Restoring Debezium type safety by using schema registry
Generally speaking, the Redis Stream consumer side is trivial enough that we won’t discuss it here. The only issue we have to deal with is schema inference.
1. Send schema with every payload
Indeed, this might seem like the most straighforward solution. However, it has two major downsides:
- By design, you will have a dynamic API. This prevents clients from generating type-safe schema beforehand. This might not be a downside, though, when the schema is bound to frequent change.

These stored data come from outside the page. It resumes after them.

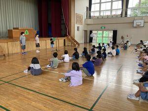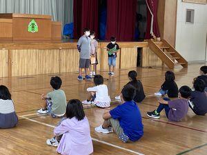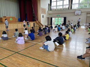 業前時間を利用して,「プール納会」を行いました。はじめに,1・3・5年生の代表者が今年度の水泳学習の感想を全校児童の前で堂々と発表しました。できたこと,できなかったこと,来年の目標などをしっかり発表することができました。
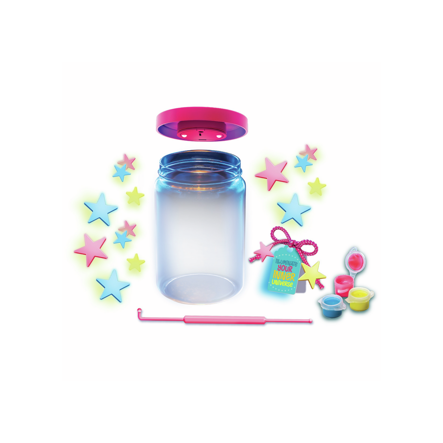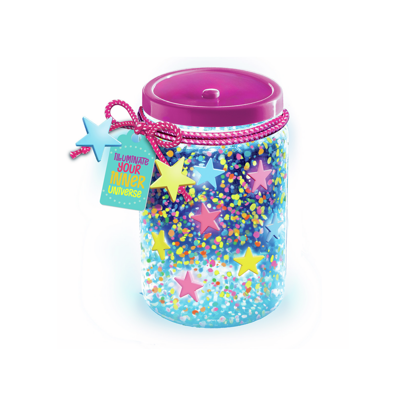 Un tarro luminoso y decorativo para crear tu propia galaxia: incluye un frasco con tapa LED, pinturas neón, estrellas que brillan en la oscuridad, una herramienta de pintura de doble punta, cordón decorativo y etiqueta. Ref. Y304804, ideal para niños desde 5 años
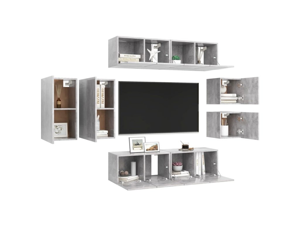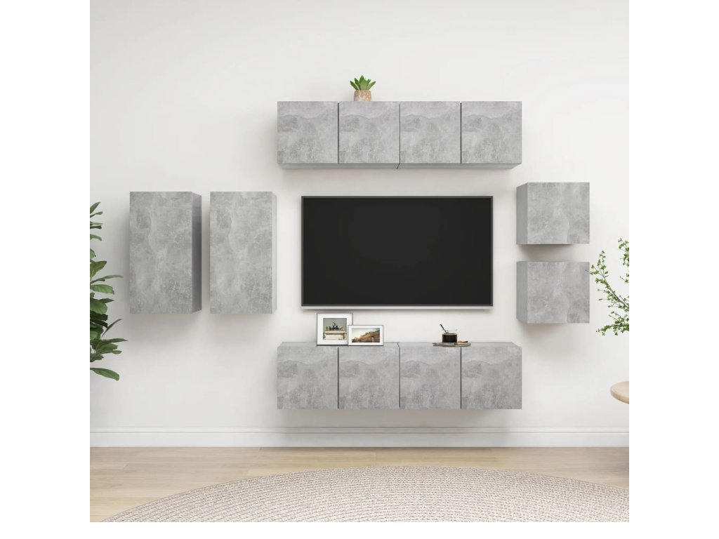 Táto sada závesných TV skriniek je vybavená veľkým úložným priestorom na uloženie rôznych predmetov a vo vašej domácnosti vytvorí praktický a pútavý doplnok.
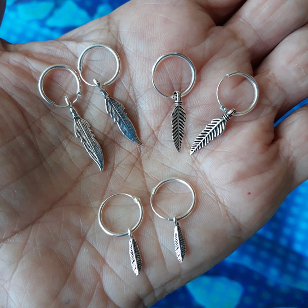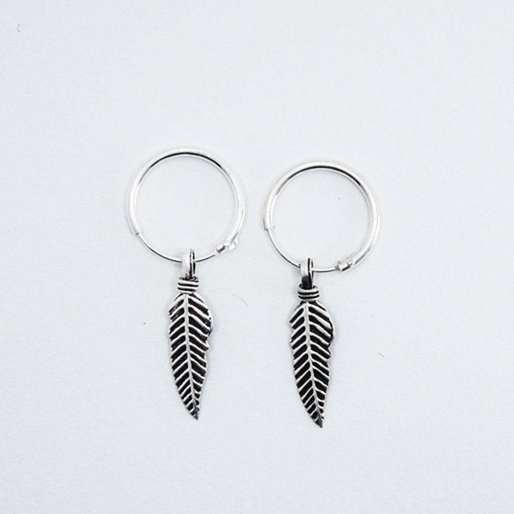 Pluma de plata de 15mm de largo montada en un aro de 12mm de diámetro.
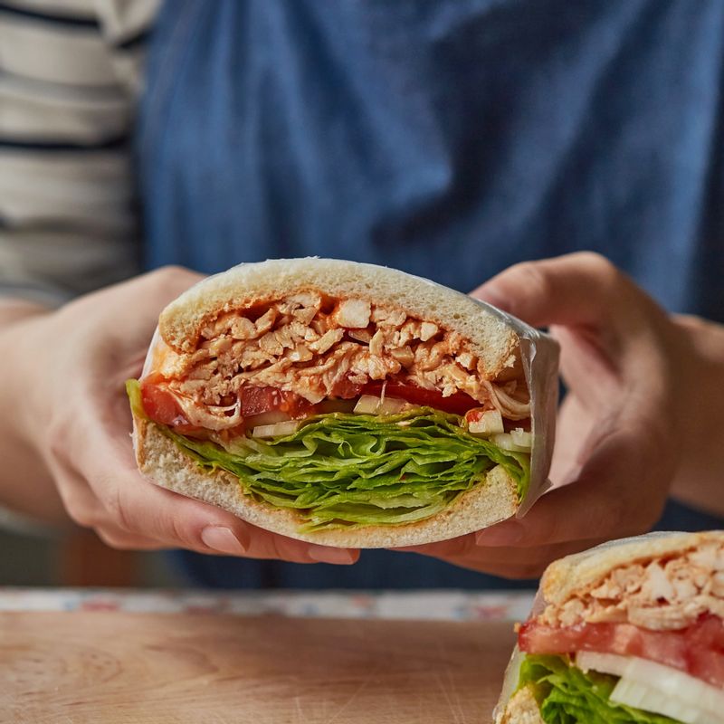 반으로 잘라낸 샌드위치의 단면이 정말 먹음직스러워 보는 맛도 훌륭한 레시피랍니다! 📝TIP 1. 마요네즈, 스리라차, 칠리 소스 모두 시판 저칼로리 소스로 사용하는 것을 추천드려요. 📝TIP 2. 식빵 대신 담백하고 고소한 통밀빵으로 만들어도 충분히 맛있어요.
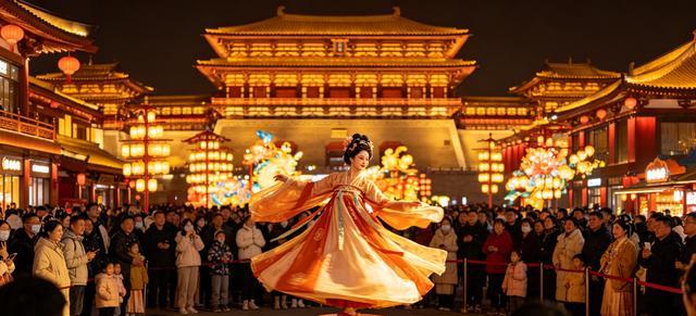 那种人潮汹涌的烟火气,混着唐风灯影的浮动温柔,足以让人忘记时间。2025年的黄金周里,街区一天涌来百万人次,摊位吆喝、小戏连台、网红小姐姐与游客对视一笑,艺术、商业、社交都揉成了唐诗的日常。
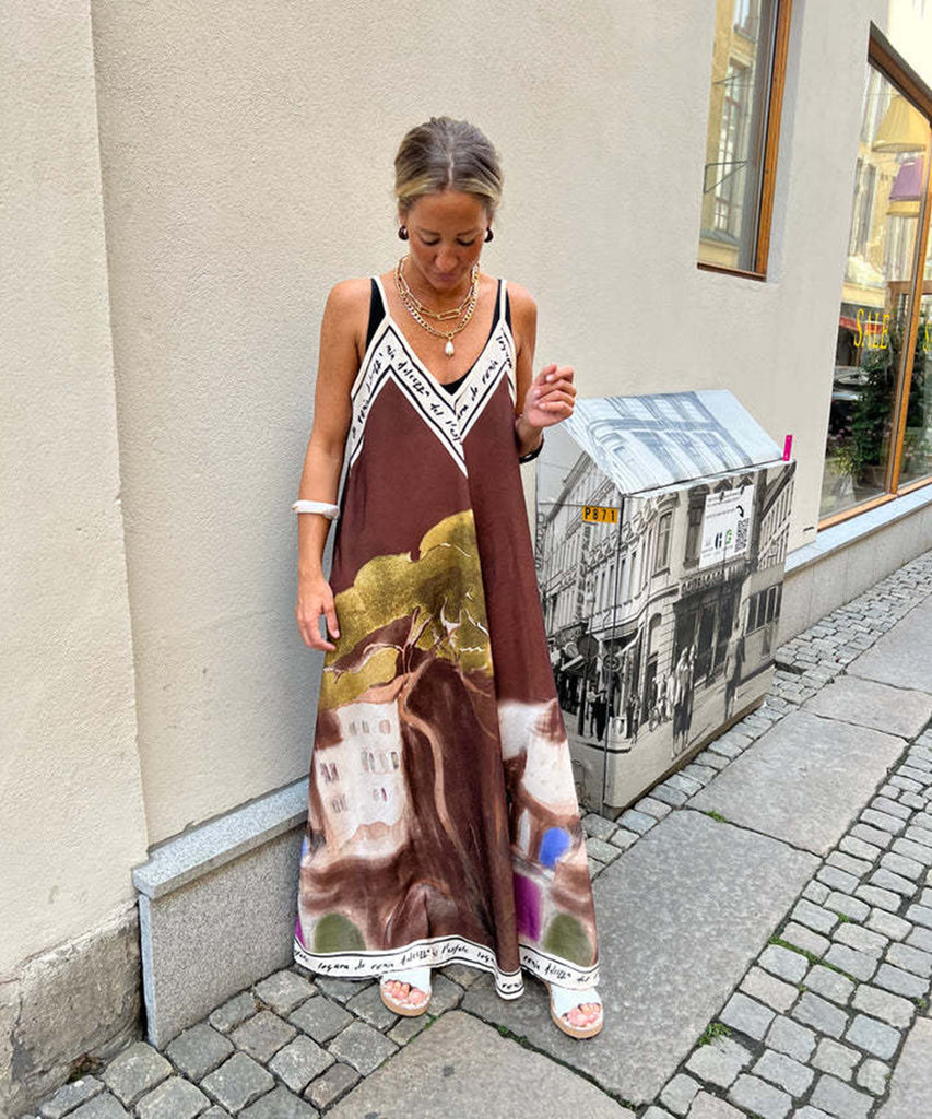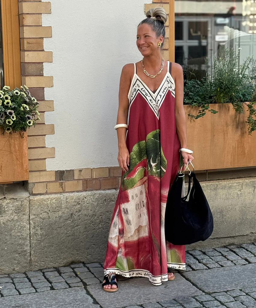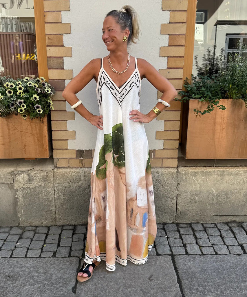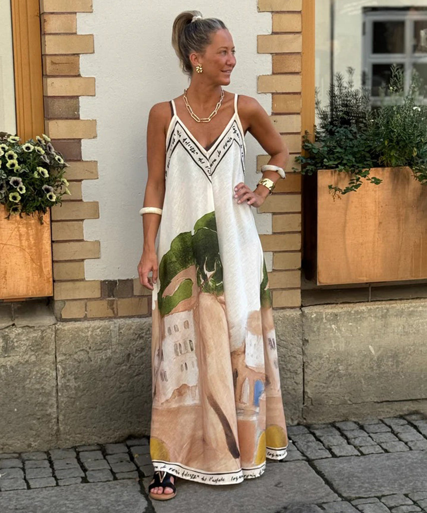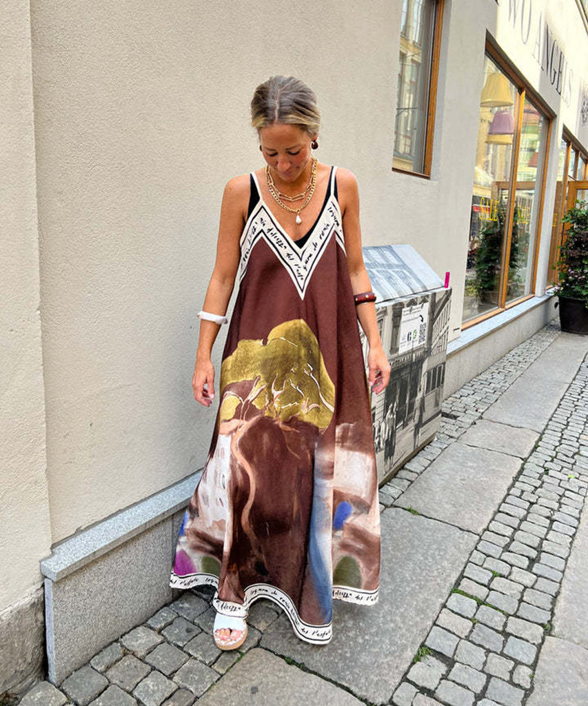 Relaxed Printed Vneck Strap Dress With Wide Skirt Style
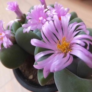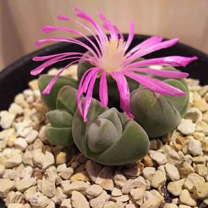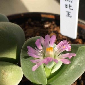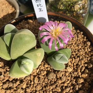 無比玉。これも鶴仙園 本当は神風玉に興味があったのですが、思った以上に大きくて保留に。 いろいろ見ていたら無比玉にビビッときて購入しました この質感が良い💕 蕾付きだったのでさっそくお花が咲いてます コノフィツムやリトープスは買うことはないと思ってたのにな~
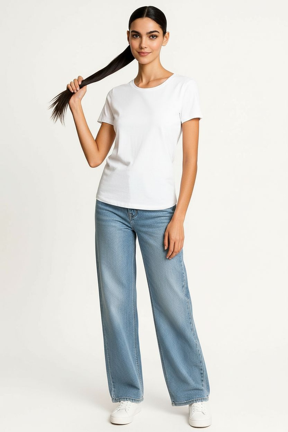 Playera básica con cuello redondo, manga corta, ajuste al cuerpo, tejido ligero y cómodo, acabado uniforme
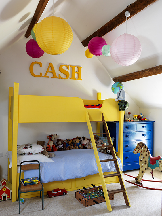 Cash’s bedroom : The bunk bed, made by the boys’ grandfather the artist Roger Burridge, has been painted a brilliant shade of bright yellow (Dulux Sunflower Symphony 4) by Moss. Coloured paper lanterns, bought on eBay for a party, hang from the beams.
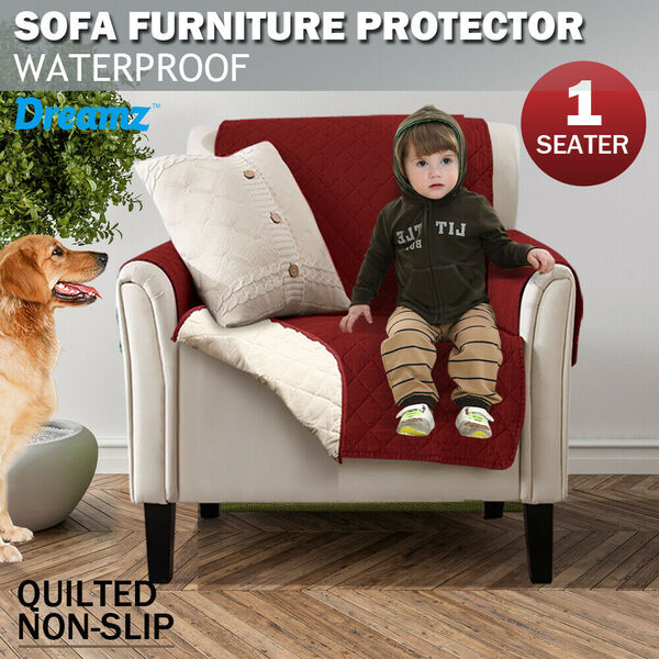 1 Seater Couch Sofa Cover Removable Quilted Slipcover Pet Kids Protector
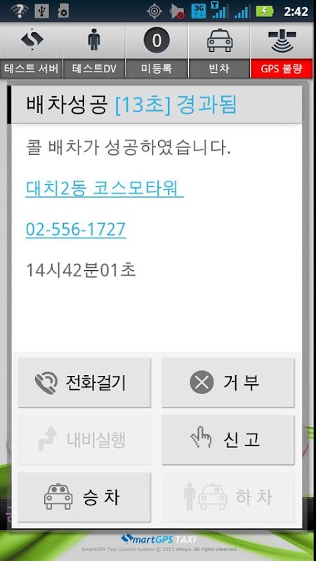 2.콜접수: MDT의 콜접수 기능과 동일합니다. 센터에서 배차정보를 받을 수 있습니다.
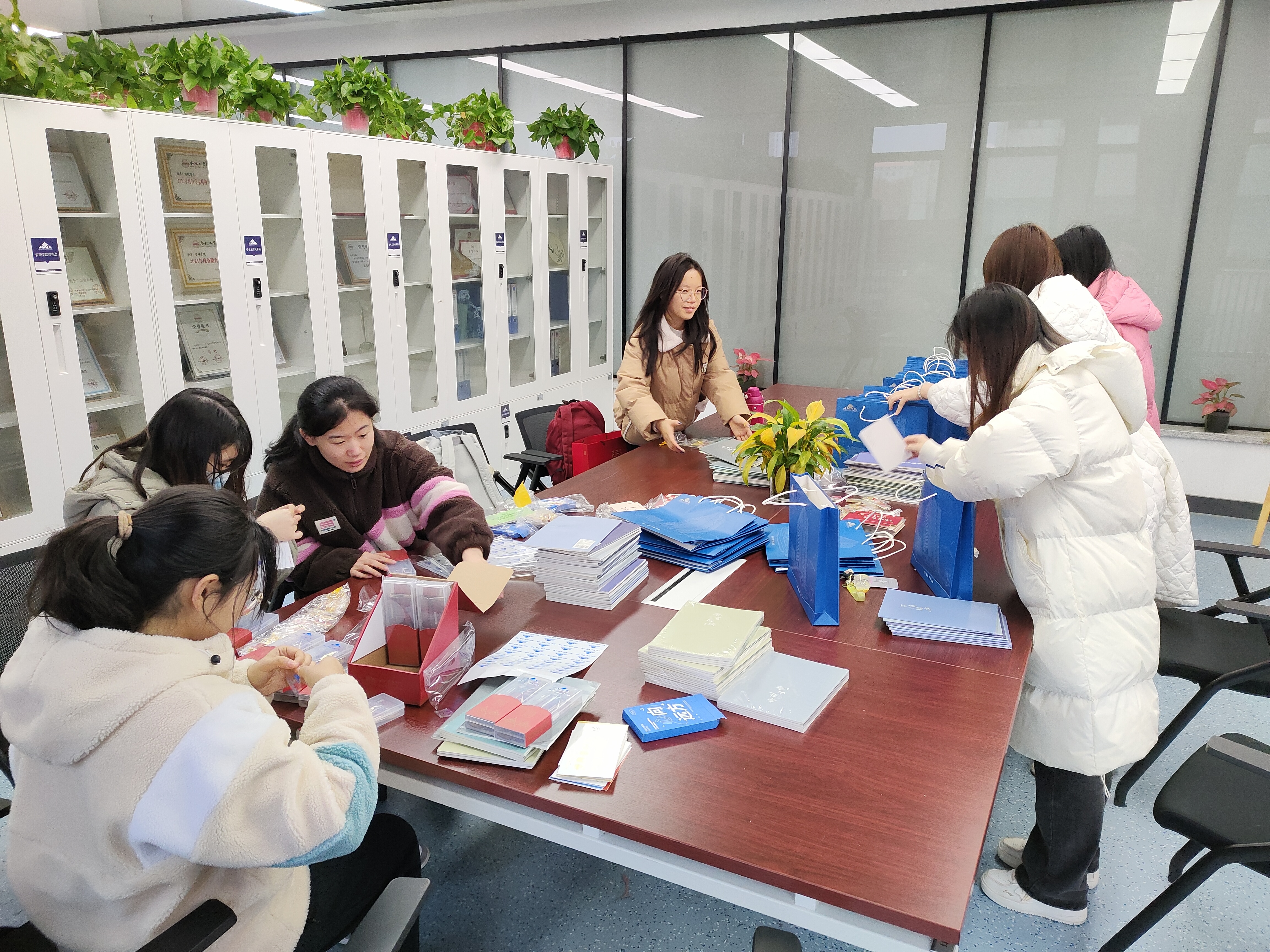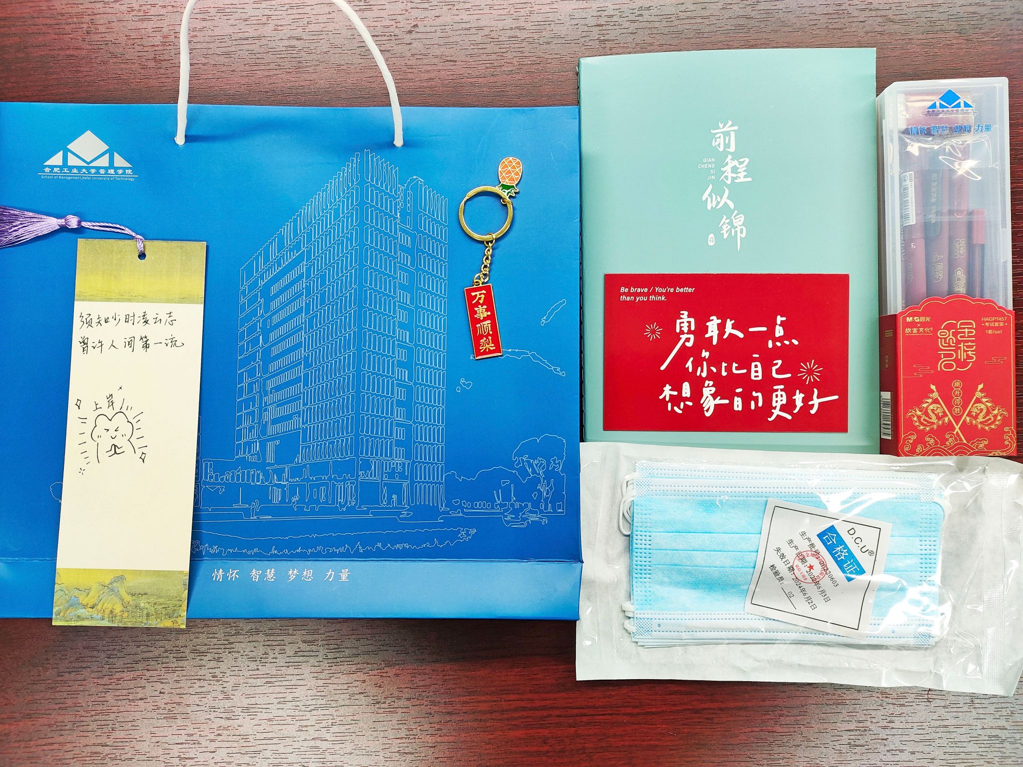 学院提前谋划布置,依托学生党支部组织各年级党员、发展对象、积极分子组成志愿队,将含有管院logo的文具套装、印有“前程似锦”、“顶峰相见”、“万事顺梨”等美好寓意的本子、明信片和钥匙扣,以及由低年级学生写给考研学生的书签等分装进182份“加油包”,然后带到宿舍亲自送到考研学子手上。学生们在收到礼包后十分感动,纷纷感谢学院和学弟学妹们的暖心鼓励和诚挚祝福。

- The schema will most likely constitute the largest part of any message in the stream, which might be a consideration when it comes to infrastructure cost, if your throughput is expected to be high.
2. Send a reference type and use Schema Registry
We won’t discuss it in great detail here. The main idea is to have a schema registry of types from which the client can generate types in advance.
You could use Apicurio for that as it integrates nicely with Debezium but any schema registry will do (even static git repository might be more than enough).
In Apicurio, our HiveEstablished
type might be available on this resource:
1
GET /v3/groups/cz.beehive.control/artifacts/HiveEstablished/versions/1.1.0
which goes nicely with the payload we designed for Redis Streams.
As of May 2025, the downside of this approach is that async API generators are sparse and not as well maintained as, say, OpenAPI generators. There is indeed an AsyncAPI initiative, so you might want to also check it out. The Apache AVRO format is also a suitable option if you want to only define types.
3. Hybrid between 1. and 2.
As a part of a Redis Stream message, you could also send a type reference, alonside with its version, and dynamically fetch the schema in runtime and deserialize it this way.
This concludes our series. Happy software engineering!
Summary
- Include the full schema with each message (simple but verbose);
- Use a schema registry to store and reference schemas (efficient but requires infrastructure);
- Use a hybrid approach sending type references with messages that consumers can use to fetch schemas dynamically.